(Source material)
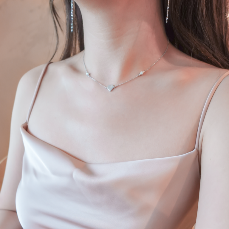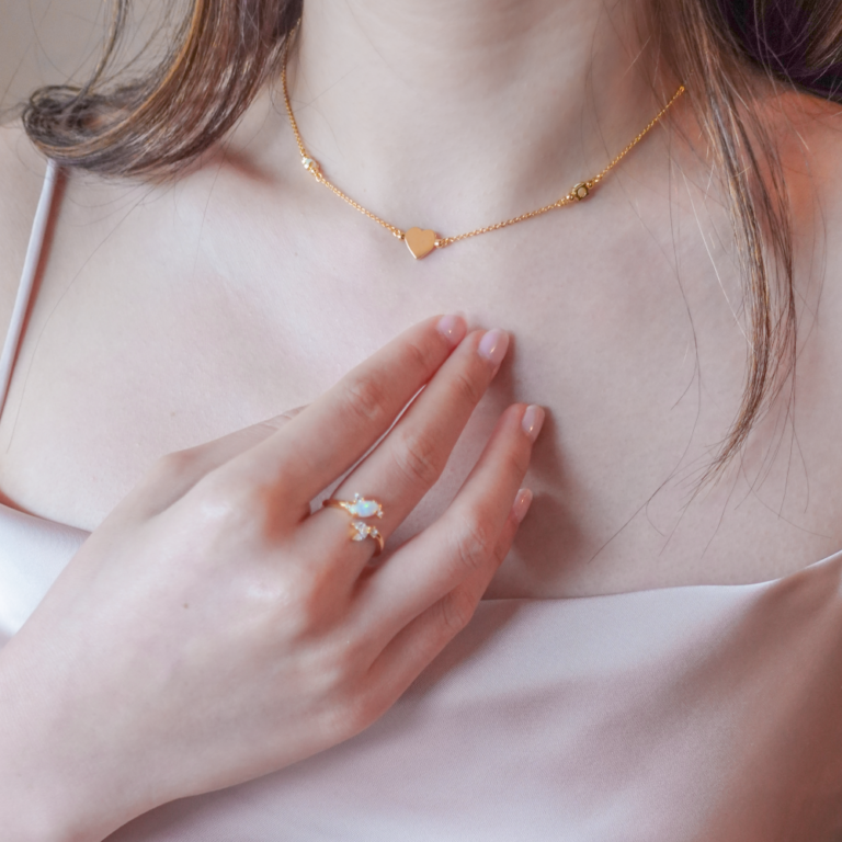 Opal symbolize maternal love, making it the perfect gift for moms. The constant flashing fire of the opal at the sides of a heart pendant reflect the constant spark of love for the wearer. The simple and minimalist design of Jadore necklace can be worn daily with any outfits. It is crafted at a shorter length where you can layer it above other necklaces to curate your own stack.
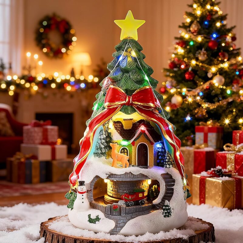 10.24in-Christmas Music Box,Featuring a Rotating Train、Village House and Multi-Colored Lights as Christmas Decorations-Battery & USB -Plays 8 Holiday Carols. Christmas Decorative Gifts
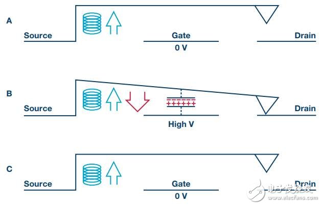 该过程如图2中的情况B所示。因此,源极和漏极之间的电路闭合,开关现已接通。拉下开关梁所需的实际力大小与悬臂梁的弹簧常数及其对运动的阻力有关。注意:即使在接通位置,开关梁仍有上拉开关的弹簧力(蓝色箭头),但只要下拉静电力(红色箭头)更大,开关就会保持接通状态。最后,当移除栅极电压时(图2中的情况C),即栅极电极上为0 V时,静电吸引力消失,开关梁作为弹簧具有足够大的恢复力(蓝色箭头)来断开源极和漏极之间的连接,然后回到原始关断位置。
(End Source material)
*Aim of the exercise*.
Please retype the whole listing above word for word and drop the pictures.

*Reply*.
 Opal symbolize maternal love, making it the perfect gift for moms. The constant flashing fire of the opal at the sides of a heart pendant reflect the constant spark of love for the wearer. The simple and minimalist design of Jadore necklace can be worn daily with any outfits. It is crafted at a shorter length where you can layer it above other necklaces to curate your own stack.
 10.24in-Christmas Music Box,Featuring a Rotating Train、Village House and Multi-Colored Lights as Christmas Decorations-Battery & USB -Plays 8 Holiday Carols. Christmas Decorative Gifts
 该过程如图2中的情况B所示。因此,源极和漏极之间的电路闭合,开关现已接通。拉下开关梁所需的实际力大小与悬臂梁的弹簧常数及其对运动的阻力有关。注意:即使在接通位置,开关梁仍有上拉开关的弹簧力(蓝色箭头),但只要下拉静电力(红色箭头)更大,开关就会保持接通状态。最后,当移除栅极电压时(图2中的情况C),即栅极电极上为0 V时,静电吸引力消失,开关梁作为弹簧具有足够大的恢复力(蓝色箭头)来断开源极和漏极之间的连接,然后回到原始关断位置。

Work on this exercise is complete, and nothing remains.